**Aim of the exercise**
Starting at the line that contains "A Simple Project", write out each line exactly through the last one in the material below, and nothing more; omit all pictures.
(Beginning of Data section)
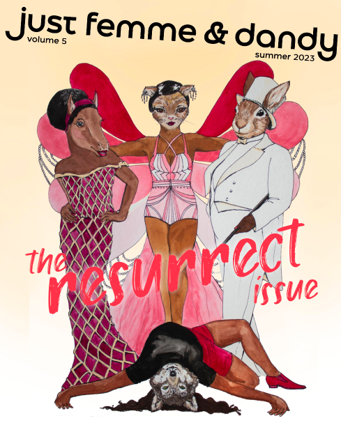 A biannual arts and literary magazine about queer fashion and aesthetics, just femme & dandy was established in 2021 by Co-Editor-in-Chief Addie Tsai, who was emboldened to create the magazine after publishing a folio on queer fashion in 2019 for ANMLY. Centering survival, the fourth issue includes a photo shoot highlighting mobility devices, nonfiction on the liberation of gender-affirming haircuts, and poetry rejoicing in “the altar of Black femininity.” Embracing the importance of queer identity within the context of queer fashion, just femme & dandy works to support the LGBTQIA+ community, “who have long since coded ourselves with how we adorn and dress our bodies when it has been dangerous to identify solely with words.”
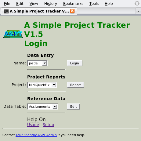 A Simple Project Tracker (ASPT) for tracking progress on projects against
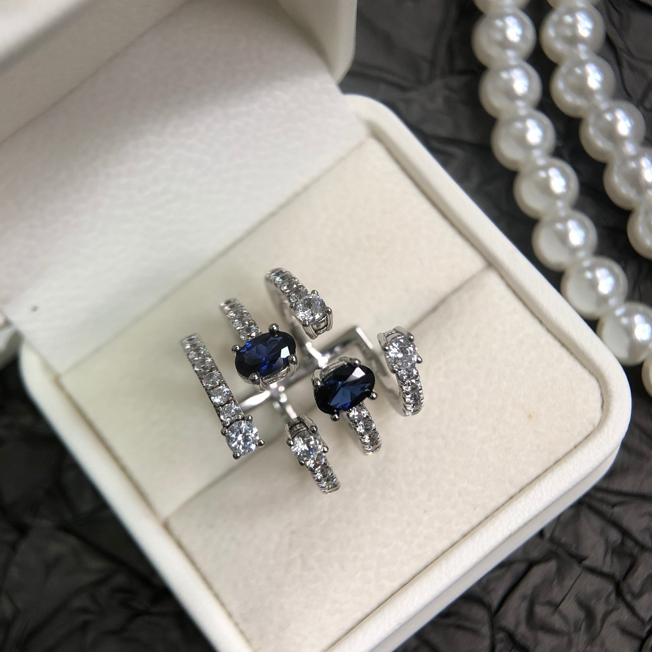 ・深みのある青色のジルコニアを層状に重ねたデザインで、個性的な魅力を放ちます。
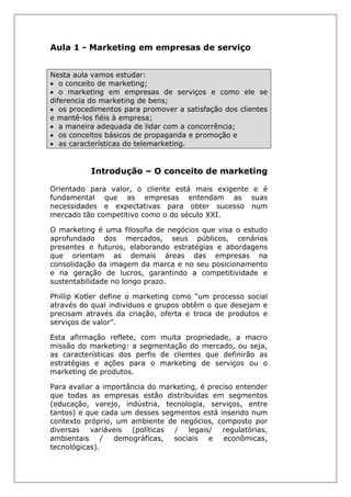 Este documento discute conceitos fundamentais de marketing, com foco no marketing de serviços. Apresenta as diferenças entre marketing de bens e serviços, destacando a intangibilidade dos serviços. Explora como as características dos serviços, como heterogeneidade e simultaneidade de produção e consumo, afetam a gestão do marketing.
(End of Data section)
**Result of the exercise**
 A Simple Project Tracker (ASPT) for tracking progress on projects against
 ・深みのある青色のジルコニアを層状に重ねたデザインで、個性的な魅力を放ちます。
 Este documento discute conceitos fundamentais de marketing, com foco no marketing de serviços. Apresenta as diferenças entre marketing de bens e serviços, destacando a intangibilidade dos serviços. Explora como as características dos serviços, como heterogeneidade e simultaneidade de produção e consumo, afetam a gestão do marketing.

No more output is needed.